Records for processing ▸
----

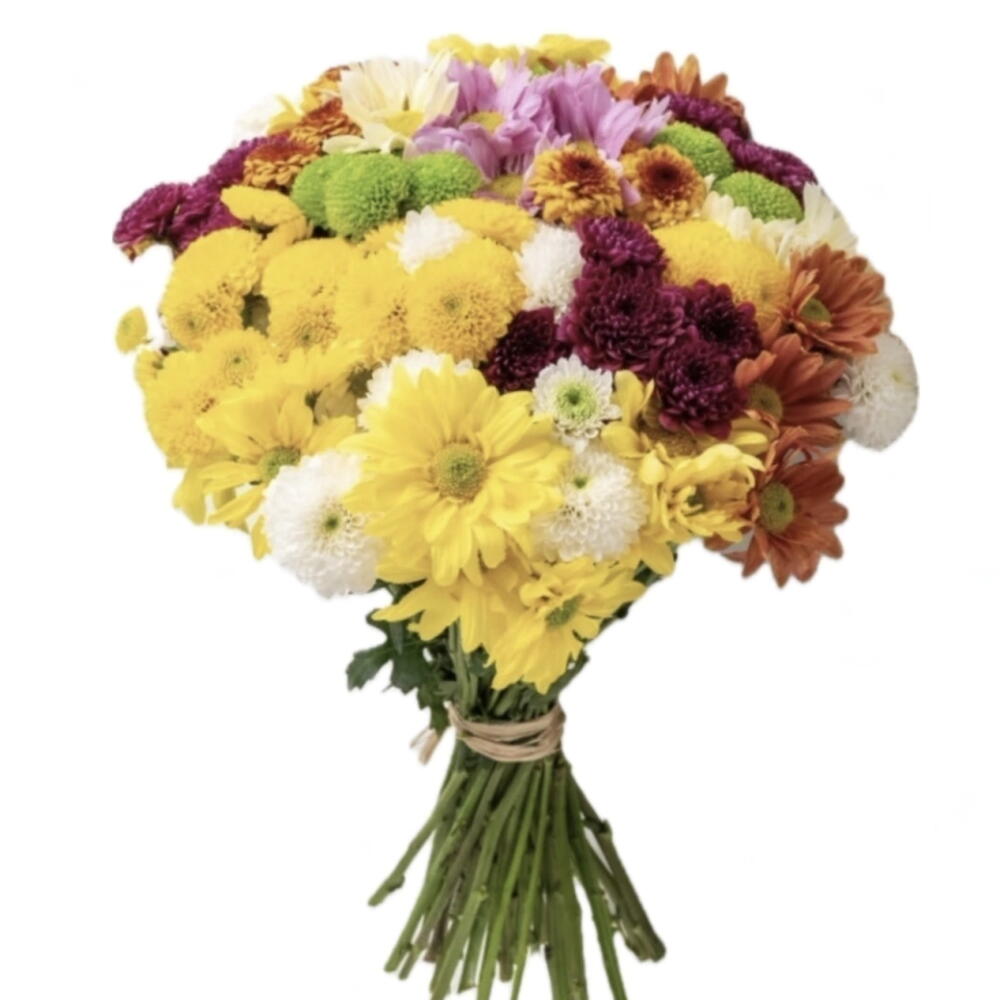 Este produto é um atraente buquê de margaridas coloridas, cuidadosamente arranjado para celebrar ocasiões especiais ou simplesmente para alegrar o dia de alguém. Cada buquê inclui um delicado laço para dar um toque final perfeito. Esta impressionante peça floral é uma maneira ideal de expressar o seu carinho e admiração.
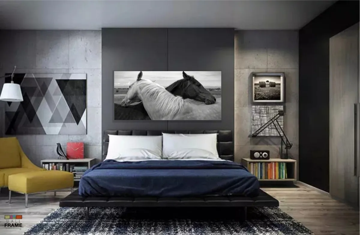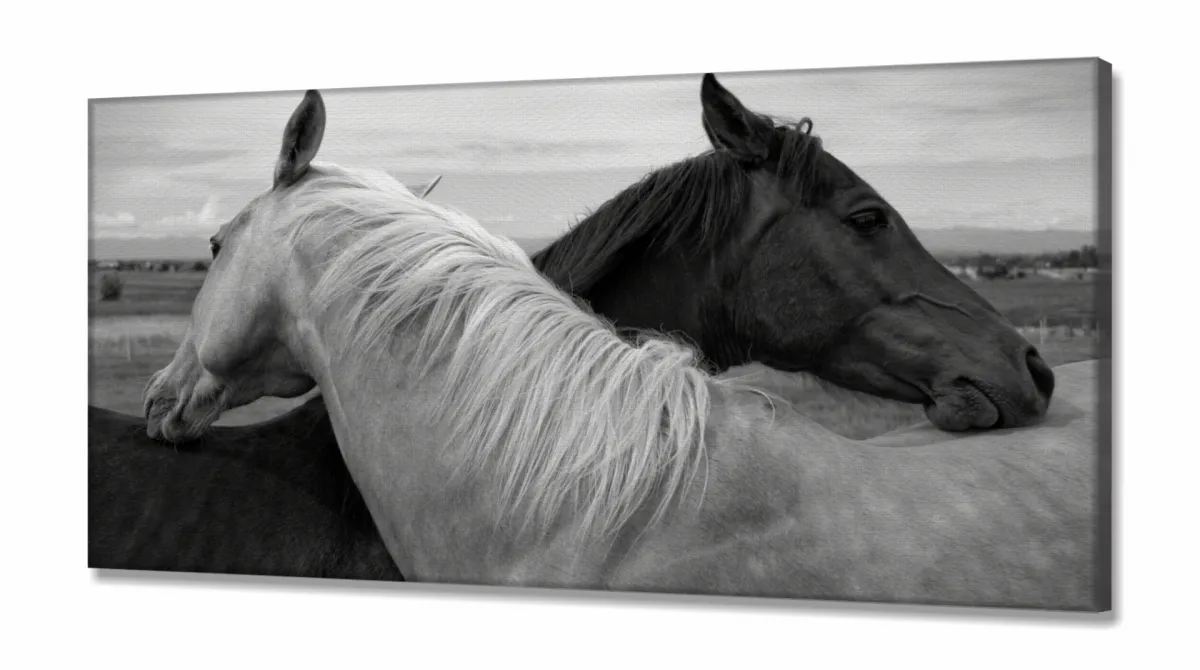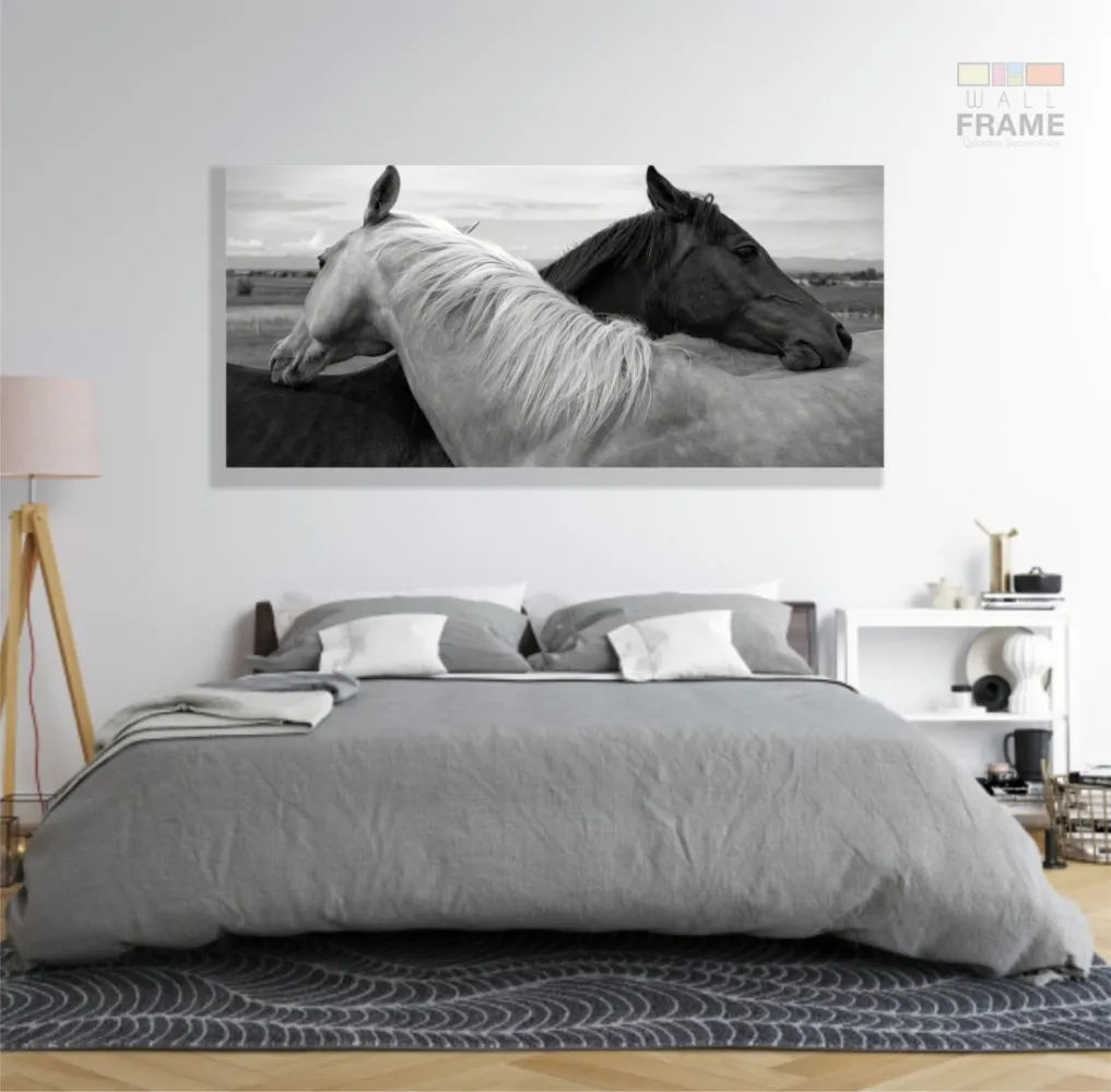 Quadros Decorativos Cavalo Preto e branco em Tecido Canvas 130x60
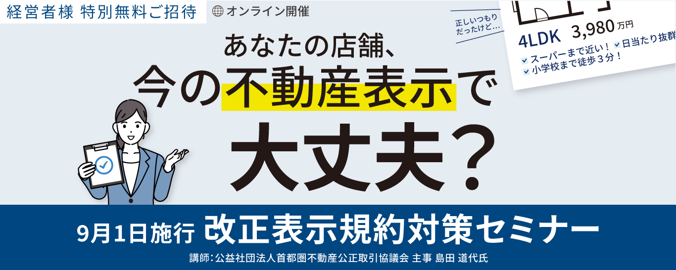 【不動産業者向】9月1日施行「改正表示規約」対策無料オンラインセミナー開催のお知らせ
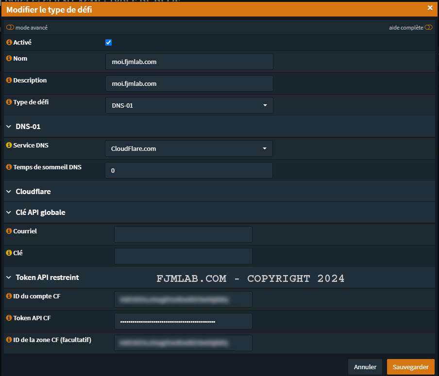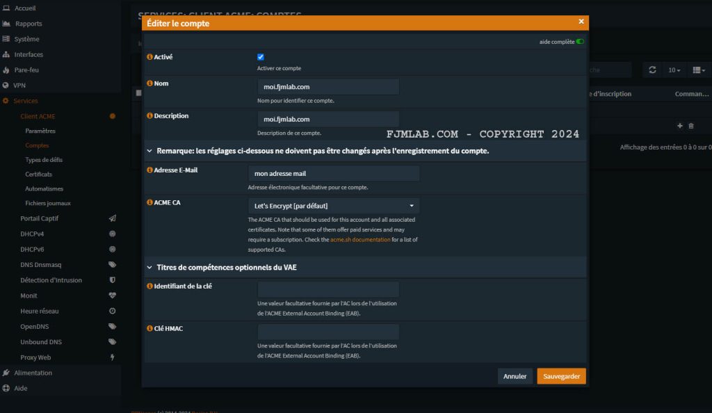 Mettez ce que vous voulez pour le nom et la description du compte. Le plus important est d’avoir une adresse mail valide et de bien choisir Let’s Encrypt comme ACME Certificat Authority qui est en principe présélectionné par défaut.
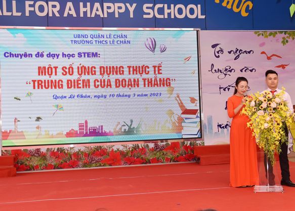 Với những lý do đó, hôm nay, ngày 10/3/2023, trường THCS Lê Chân tổ chức chuyên đề dạy học STEM: Một số ứng dụng thực tế “Trung điểm của đoạn thẳng ”. Về dự chuyên đề của trường có ông Phạm Sĩ Tuyên - Trưởng phòng GD&ĐT quận Lê Chân; Bà Bùi Thị Ngọc Quyên - Phó trưởng phòng GD&ĐT quận Lê Chân; lãnh đạo, chuyên viên phòng giáo dục đào tạo; đại diện Ban giám hiệu cùng các thầy cô giáo dạy bộ môn toán, bộ môn KHTN( phân môn Vật lý) của các trường trong quận.
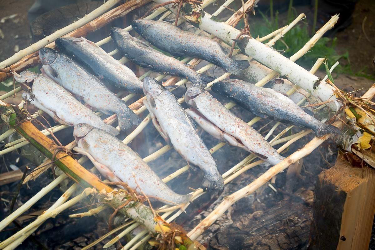 Fische werden auf einem improvisierten Grill aus Ästen geräuchert
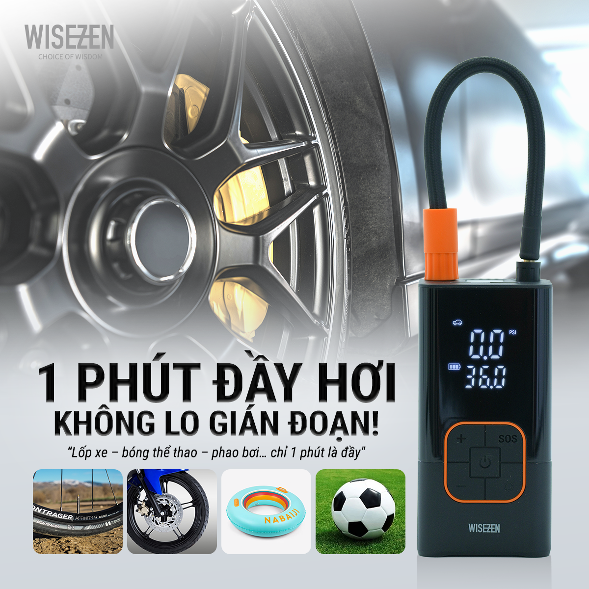 Bơm ô tô Wisezen AC01 lốp xe đạp máy oto điện bóng Không Dây mini thổi phồng nhanh Kiêm Sạc Dự Phòng Điện Thoại
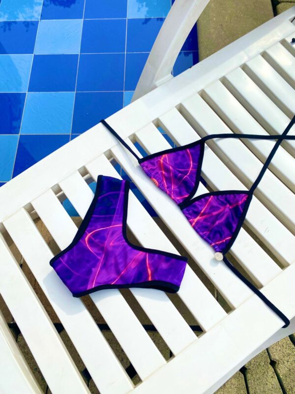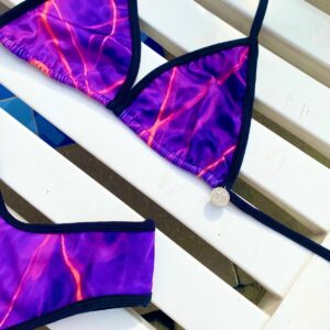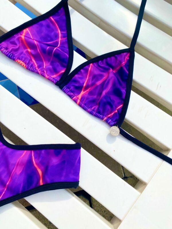 Déjate envolver por la energía magnética del BIKINI ELECTRA 💜⚡️, un diseño que combina poder, sensualidad y estilo único. Su estampado en tonos morados con destellos eléctricos 🔥💫 refleja la fuerza de una mujer segura de sí misma, lista para brillar bajo el sol o en la noche junto al mar. 🌙✨
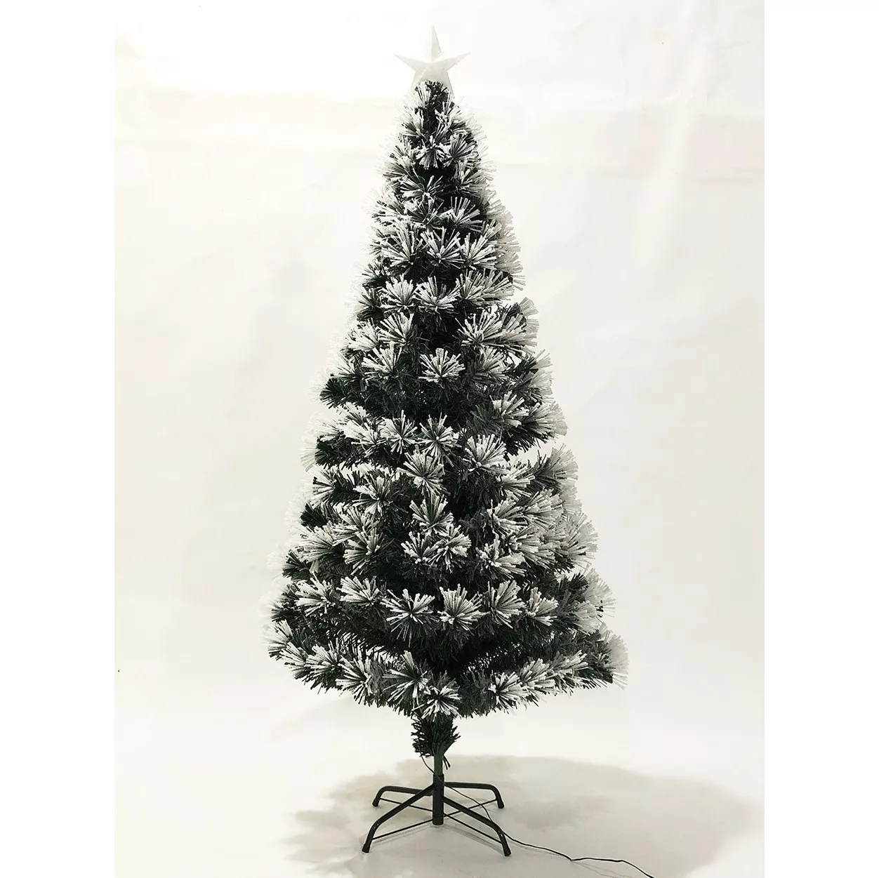 Brad artificial cu fibra optica prevazut cu 225 de LED-uri multicolore (220 LED-uri bradul + 5 LED-uri steaua din varf) cu efect flash si are o inaltime totala de 180 cm. Acest pom de Craciun este verde si gata pentru pozitionare in orice incapere din locuinta, intrucat are lumini incluse si o steluta montata in varf.
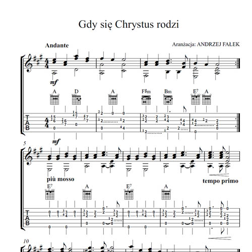 Tradycyjna polska kolęda „Gdy Się Chrystus Rodzi”, w tonacji A-dur opracowana w technice fingerstyle na gitarę.
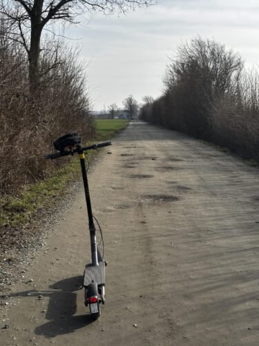 Das Beste an diesem Scooter ist natürlich die Federung. Die ist zwar wie ein Gummiball aber sehr viel besser als nichts. Reichweite ist gut, Leistung mittelmäßig, trotzdem ausreichend. Das Licht ist ziemlich gut, könnte aber etwas heller sein. Abhilfe schafft hier eine Stirnlampe, damit man mit einer Hand- und Kopfbewegung nach vorne oder schon in die nächste Kurve leuchten kann.
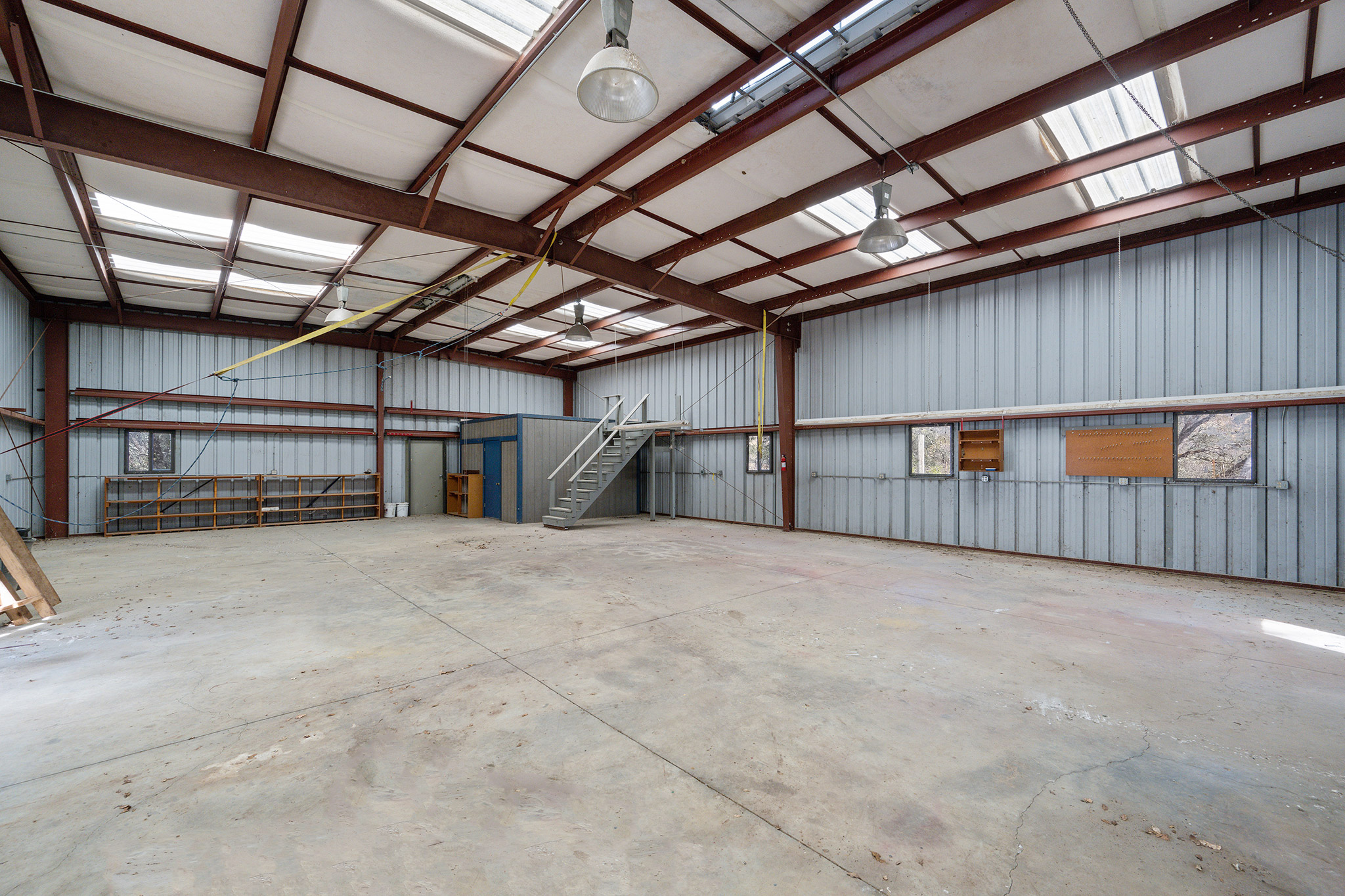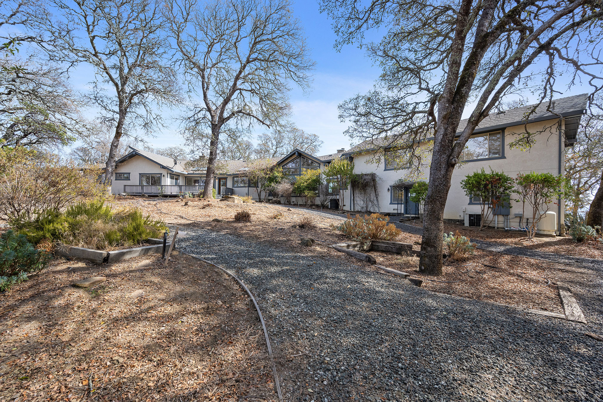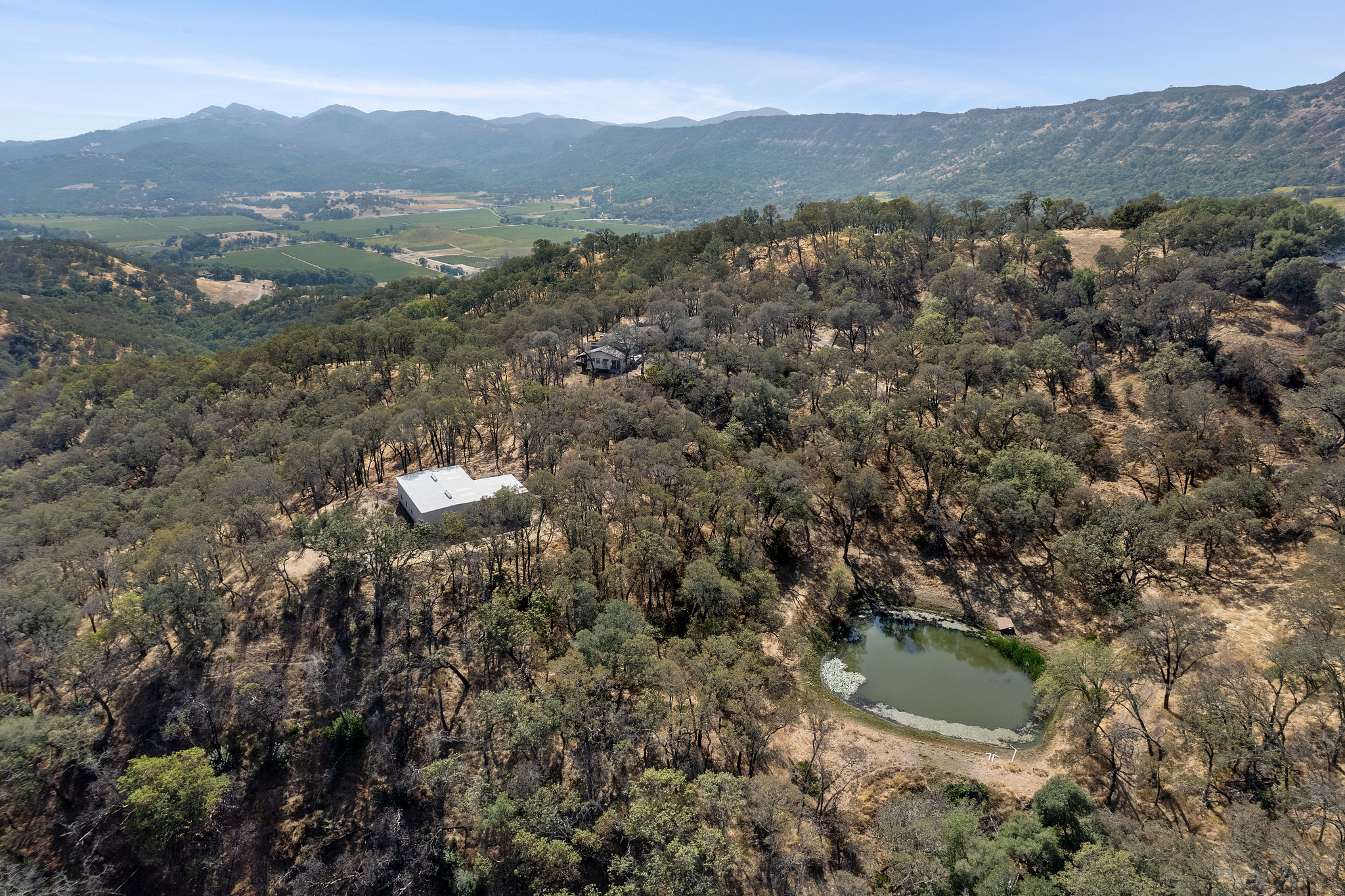 Spacious living room with cathedral ceiling and fan, valley views at the front, and entire wall of stone with integrated fireplace

----

Activity ▸ Once more, please print the whole listing exactly, omitting each image.

Solution for this task ▸
 Este produto é um atraente buquê de margaridas coloridas, cuidadosamente arranjado para celebrar ocasiões especiais ou simplesmente para alegrar o dia de alguém. Cada buquê inclui um delicado laço para dar um toque final perfeito. Esta impressionante peça floral é uma maneira ideal de expressar o seu carinho e admiração.
 Quadros Decorativos Cavalo Preto e branco em Tecido Canvas 130x60
 【不動産業者向】9月1日施行「改正表示規約」対策無料オンラインセミナー開催のお知らせ
 Mettez ce que vous voulez pour le nom et la description du compte. Le plus important est d’avoir une adresse mail valide et de bien choisir Let’s Encrypt comme ACME Certificat Authority qui est en principe présélectionné par défaut.
 Với những lý do đó, hôm nay, ngày 10/3/2023, trường THCS Lê Chân tổ chức chuyên đề dạy học STEM: Một số ứng dụng thực tế “Trung điểm của đoạn thẳng ”. Về dự chuyên đề của trường có ông Phạm Sĩ Tuyên - Trưởng phòng GD&ĐT quận Lê Chân; Bà Bùi Thị Ngọc Quyên - Phó trưởng phòng GD&ĐT quận Lê Chân; lãnh đạo, chuyên viên phòng giáo dục đào tạo; đại diện Ban giám hiệu cùng các thầy cô giáo dạy bộ môn toán, bộ môn KHTN( phân môn Vật lý) của các trường trong quận.
 Fische werden auf einem improvisierten Grill aus Ästen geräuchert
 Bơm ô tô Wisezen AC01 lốp xe đạp máy oto điện bóng Không Dây mini thổi phồng nhanh Kiêm Sạc Dự Phòng Điện Thoại
 Déjate envolver por la energía magnética del BIKINI ELECTRA 💜⚡️, un diseño que combina poder, sensualidad y estilo único. Su estampado en tonos morados con destellos eléctricos 🔥💫 refleja la fuerza de una mujer segura de sí misma, lista para brillar bajo el sol o en la noche junto al mar. 🌙✨
 Brad artificial cu fibra optica prevazut cu 225 de LED-uri multicolore (220 LED-uri bradul + 5 LED-uri steaua din varf) cu efect flash si are o inaltime totala de 180 cm. Acest pom de Craciun este verde si gata pentru pozitionare in orice incapere din locuinta, intrucat are lumini incluse si o steluta montata in varf.
 Tradycyjna polska kolęda „Gdy Się Chrystus Rodzi”, w tonacji A-dur opracowana w technice fingerstyle na gitarę.
 Das Beste an diesem Scooter ist natürlich die Federung. Die ist zwar wie ein Gummiball aber sehr viel besser als nichts. Reichweite ist gut, Leistung mittelmäßig, trotzdem ausreichend. Das Licht ist ziemlich gut, könnte aber etwas heller sein. Abhilfe schafft hier eine Stirnlampe, damit man mit einer Hand- und Kopfbewegung nach vorne oder schon in die nächste Kurve leuchten kann.
 Spacious living room with cathedral ceiling and fan, valley views at the front, and entire wall of stone with integrated fireplace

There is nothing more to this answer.